(REQUIRED ACTION):
A verbatim copy is needed of the lines below from the one containing "Protestors' camps were" up to and including the one containing "Small footprint and compact design", excluding pictures.

(DATA PROVIDED):
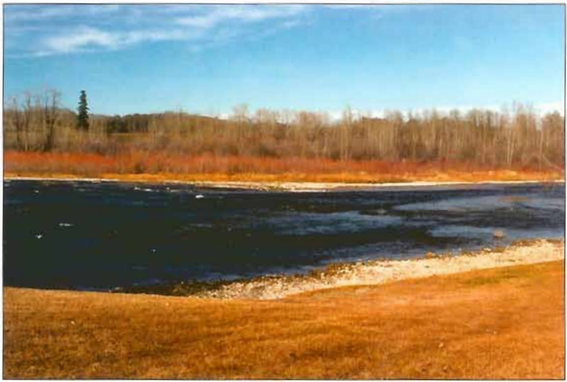
The "Crossing" on the Red Deer River near Ft. Normandeau

During the Northwest Rebellion, as a result of threats to settlers living near the Crossing, Reverend Gaetz and Bill Kemp led a large group to the safety of Fort Calgary. Fort Normandeau had been constructed at the Crossing, however, it was felt Fort Calgary provided more secure protection for the families.
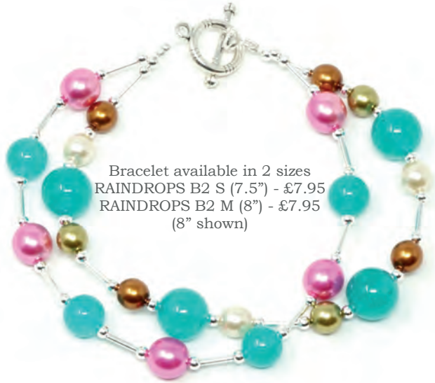
Bracelet available in 2 sizes RAINDROPS B2 S (7.5") - £7.95 RAINDROPS B2 M (8") - £7.95 (8" shown)
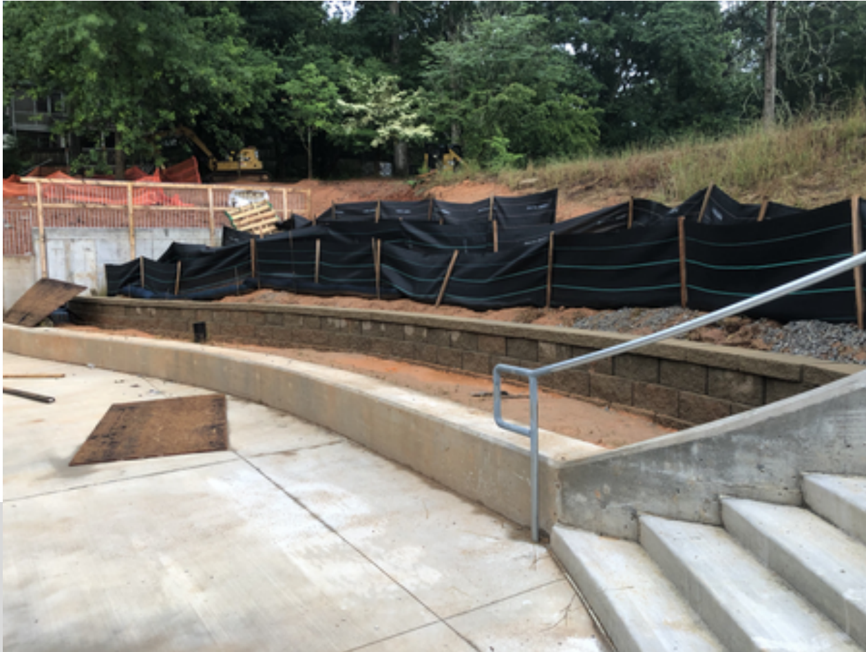
Seat wall installation
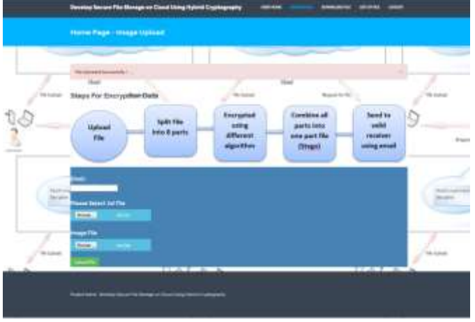
Fig: File Upload
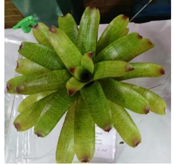
Vriesea hieroglyphica x platynema
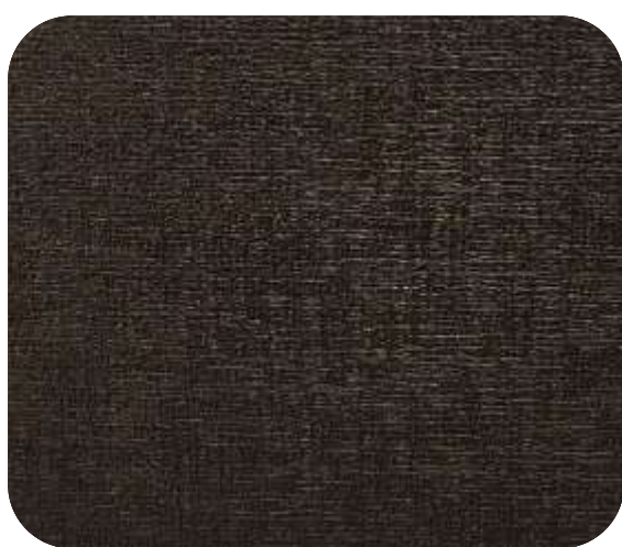
NEXON - 505
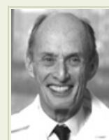
Paul Greengard 2000 Physiology or Medicine
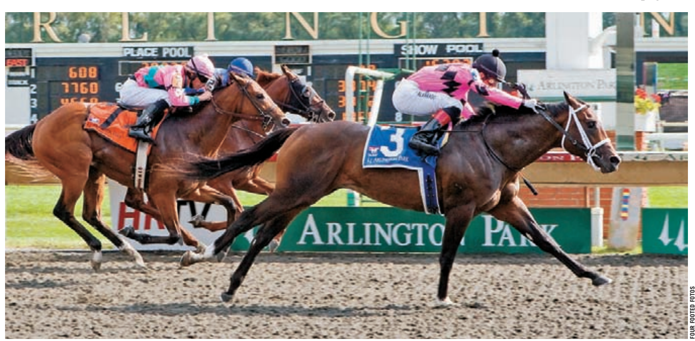
Major Gain, shown winning the grade III Arlington-Washington Futurity, is at McMahon of Saratoga
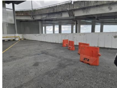
There will be PIC standby for guidance at the parking area
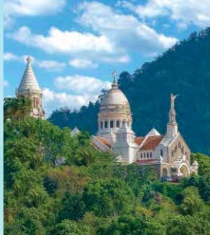
Martinique's Sacré Coeur is the miniature twin of its sister hilltop church in Paris.

Visit the Old Hegg Turtle Sanctuary, dedicated to raising and safely releasing endangered hawksbill sea turtles.
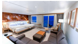
Bridge Deck Balcony Stateroom
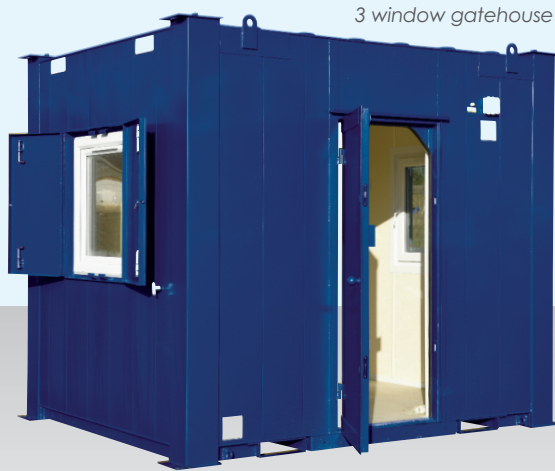
3 window gatehouse
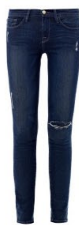
FRAME DENIM Le Skinny de Jeanne mid-rise jeans SHOP NOW >
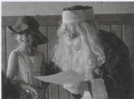
A happy child

greeted by delighted children, parents and friends. In his usual professional way he talked to over 60 children at their own level, brought them lots of joy, and a Santa bag. More than ever
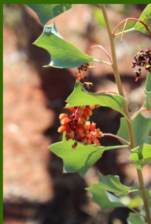
Wickham's Grevillea Grevillea wickhamii found throughout La Grange

27 Hunter Street PO Box 5502 CABLE BEACH WA
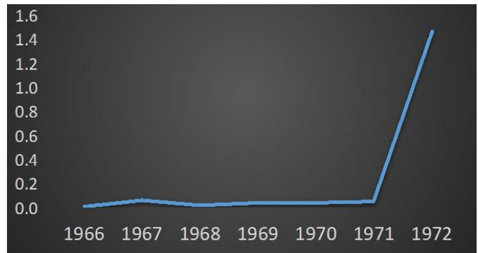
Figure 1. Domestic Assets

For a currency board to be considered orthodox, it is imperative that the percentage value of its domestic assets as a share of total assets should be close to zero. Usually, a small amount of domestic assets is held by the board in order to pay for staff salaries, etc., but that is all.
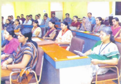
Participants of the induction programme
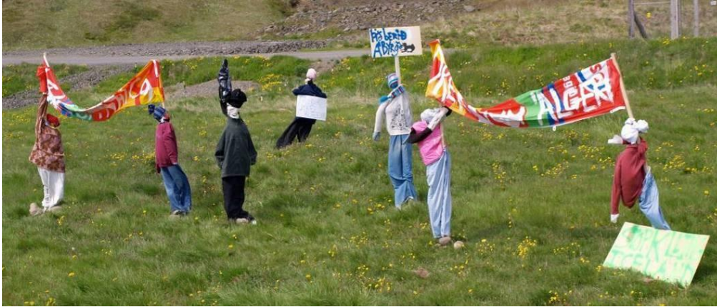
Figure 4. Demonstration at the site of Alcoa's aluminium plant.

Protestors' camps were set up in the eastern highland during construction and attempts made to disturb the project. A number of public figures were prominent in protesting the project and one of them organized a demonstration in Reykjavík 2006 with participation of some 10,000. This sheds a light on how divided the public in Iceland was on the issue.
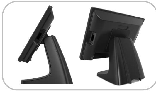
Small footprint and compact design
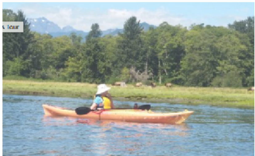
Dosewallips Kayak Tour

We are working with community and public/private sectors to provide programs/events in 2018. See our website www.brinnonparksandrec.org or Facebook to learn more about our programs/events.
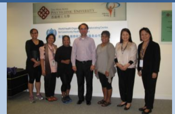
Visited by the WHO-sponsored participants of the 20th Infection Control Course for Health Care Professional 2013 (Mar 2013)
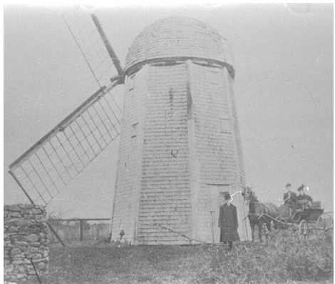
Jamestown Windmill, 1906

For seven years, the mill stood neglected. Equipment was removed or destroyed, and weather took its toll. In 1904, the mill's pitiful condition led residents and summer visitors to form the Jamestown Windmill Association. The association circulated a petition (opposite page) to raise money to buy the derelict building.
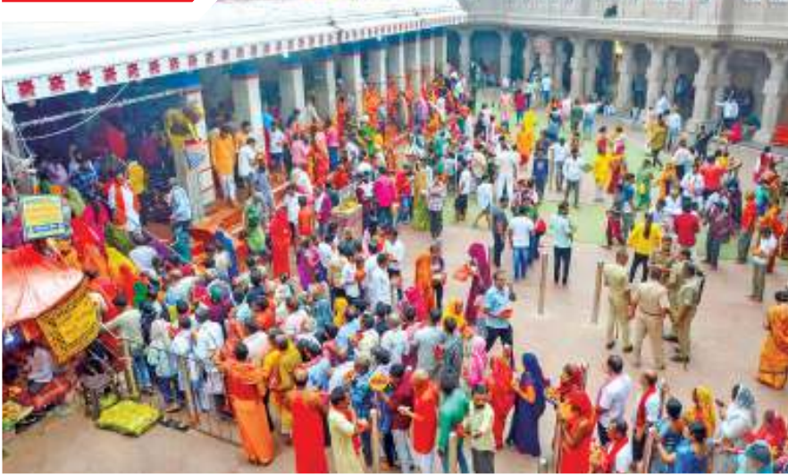
Devotees wait in queues to offer prayers at Vindhyavasini Temple on the occasion of Guru Purnima, in Mirzapur
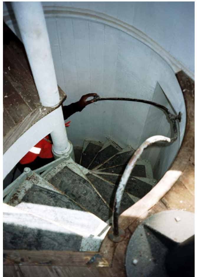
Winding staircase leading to the light
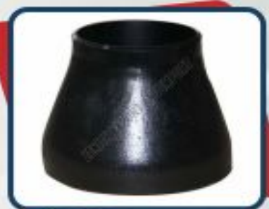
Cast Iron Butt Weld Reducer
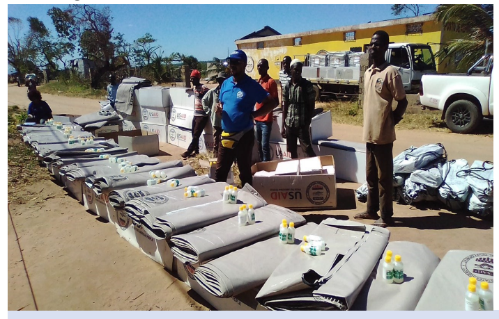
IOM Shelter-NFI teams assisting 2,060 households in Nanga A, Macomia Sede, Cabo Delgado Province. @ IOM 2019

From 17 to 31 May, in the district of Macomia, 4,067 HH have been reached with shelter and NFIs. In-kind materials are in transit coming from the Shelter/NFI and WASH Common Pipelines in Pemba. Since March 2019, the Shelter/NFI Common Pipeline has released more than 10,000 plastic sheets and 500 shelter tool kits for distribution in Macomia and 32 bales of blankets and 147 kitchen sets for the households in the Tratara Transit Centre in Metuge.
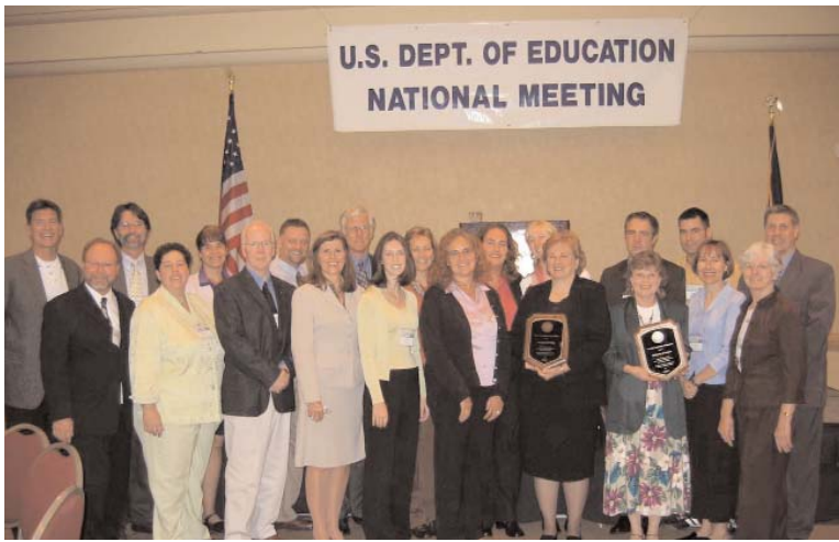
The U.S. Department of Education's Alcohol and Other Drug Prevention Models on College Campuses 2005 grant competition awardees

ore than 500 prevention practitioners, higher education professionals, researchers, and local, state, and federal government officials came together for the U.S. Department of Education's 19th Annual National Meeting on Alcohol and Other Drug Abuse and Violence Prevention in Higher Education (National Meeting) in Indianapolis in

(SOLUTION TO THE PROBLEM):
Protestors' camps were set up in the eastern highland during construction and attempts made to disturb the project. A number of public figures were prominent in protesting the project and one of them organized a demonstration in Reykjavík 2006 with participation of some 10,000. This sheds a light on how divided the public in Iceland was on the issue.
Small footprint and compact design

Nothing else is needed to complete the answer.